= MATERIAL SUPPLIED =

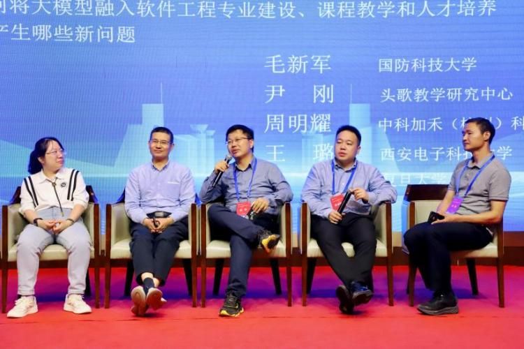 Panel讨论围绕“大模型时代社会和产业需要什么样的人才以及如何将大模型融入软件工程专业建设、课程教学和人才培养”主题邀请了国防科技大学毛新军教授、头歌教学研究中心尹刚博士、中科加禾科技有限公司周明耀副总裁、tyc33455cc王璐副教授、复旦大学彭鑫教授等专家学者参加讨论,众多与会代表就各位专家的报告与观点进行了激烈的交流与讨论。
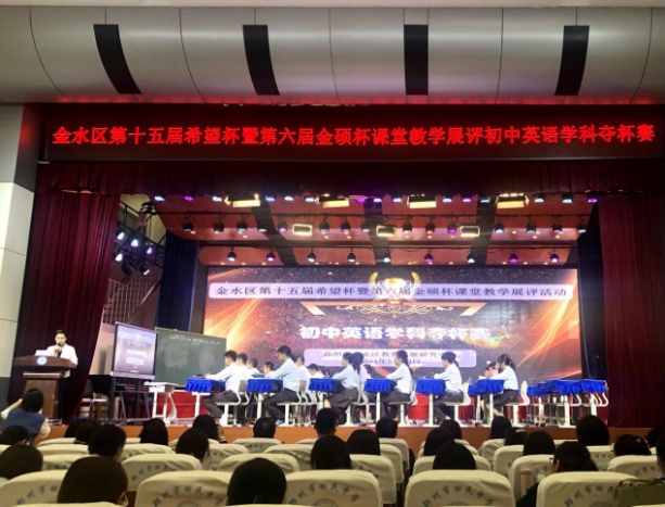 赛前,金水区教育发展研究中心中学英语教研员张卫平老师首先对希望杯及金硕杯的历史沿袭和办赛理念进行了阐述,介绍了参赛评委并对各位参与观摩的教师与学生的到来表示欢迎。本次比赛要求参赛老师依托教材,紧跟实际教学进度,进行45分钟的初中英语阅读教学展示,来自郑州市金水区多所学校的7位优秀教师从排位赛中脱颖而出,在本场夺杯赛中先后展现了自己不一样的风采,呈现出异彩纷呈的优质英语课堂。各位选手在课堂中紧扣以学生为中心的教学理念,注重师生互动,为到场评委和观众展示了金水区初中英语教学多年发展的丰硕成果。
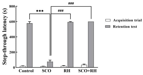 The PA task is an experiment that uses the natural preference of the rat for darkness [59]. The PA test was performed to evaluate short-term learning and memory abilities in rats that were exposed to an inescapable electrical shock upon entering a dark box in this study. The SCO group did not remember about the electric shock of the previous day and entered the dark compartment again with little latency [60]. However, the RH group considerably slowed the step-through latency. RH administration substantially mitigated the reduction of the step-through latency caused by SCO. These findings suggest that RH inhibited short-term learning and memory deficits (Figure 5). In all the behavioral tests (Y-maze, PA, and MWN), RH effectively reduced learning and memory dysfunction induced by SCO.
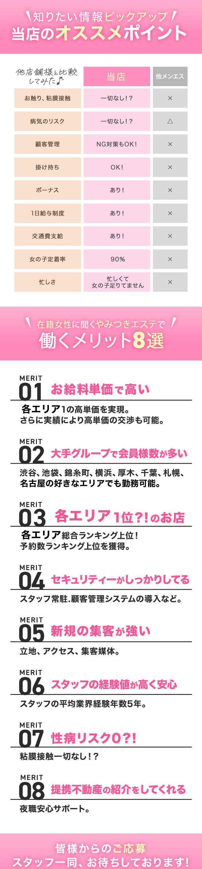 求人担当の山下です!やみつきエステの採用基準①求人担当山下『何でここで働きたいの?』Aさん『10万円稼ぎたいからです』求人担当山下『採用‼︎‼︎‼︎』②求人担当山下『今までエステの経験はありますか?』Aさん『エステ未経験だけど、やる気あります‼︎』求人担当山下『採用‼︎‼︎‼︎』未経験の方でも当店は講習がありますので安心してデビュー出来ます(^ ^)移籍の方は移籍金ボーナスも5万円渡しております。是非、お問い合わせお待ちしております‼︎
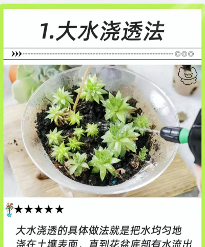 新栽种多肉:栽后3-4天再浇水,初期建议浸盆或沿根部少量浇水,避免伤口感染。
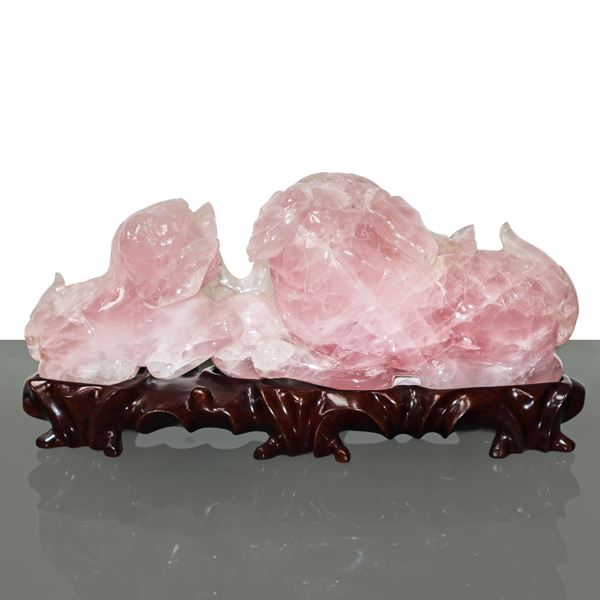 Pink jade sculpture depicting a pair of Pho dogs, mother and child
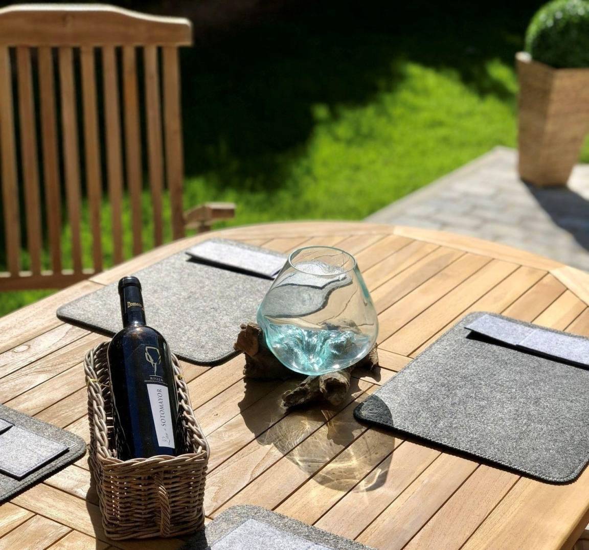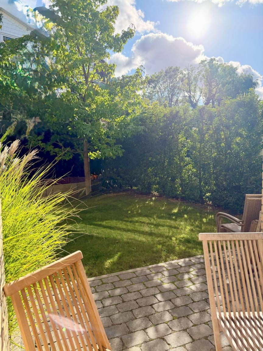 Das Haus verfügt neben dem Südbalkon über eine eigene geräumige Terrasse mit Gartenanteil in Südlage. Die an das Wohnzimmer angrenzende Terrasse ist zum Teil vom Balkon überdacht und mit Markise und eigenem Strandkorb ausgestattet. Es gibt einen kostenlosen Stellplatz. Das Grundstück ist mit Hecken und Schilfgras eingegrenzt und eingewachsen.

= WORK REQUEST =
What is needed is a word-for-word copy of the lines from the one containing "Pink jade sculpture" through the final line of the records above, both included, with the pictures left out.

= OUTPUT OF THE EXERCISE =
 Pink jade sculpture depicting a pair of Pho dogs, mother and child
 Das Haus verfügt neben dem Südbalkon über eine eigene geräumige Terrasse mit Gartenanteil in Südlage. Die an das Wohnzimmer angrenzende Terrasse ist zum Teil vom Balkon überdacht und mit Markise und eigenem Strandkorb ausgestattet. Es gibt einen kostenlosen Stellplatz. Das Grundstück ist mit Hecken und Schilfgras eingegrenzt und eingewachsen.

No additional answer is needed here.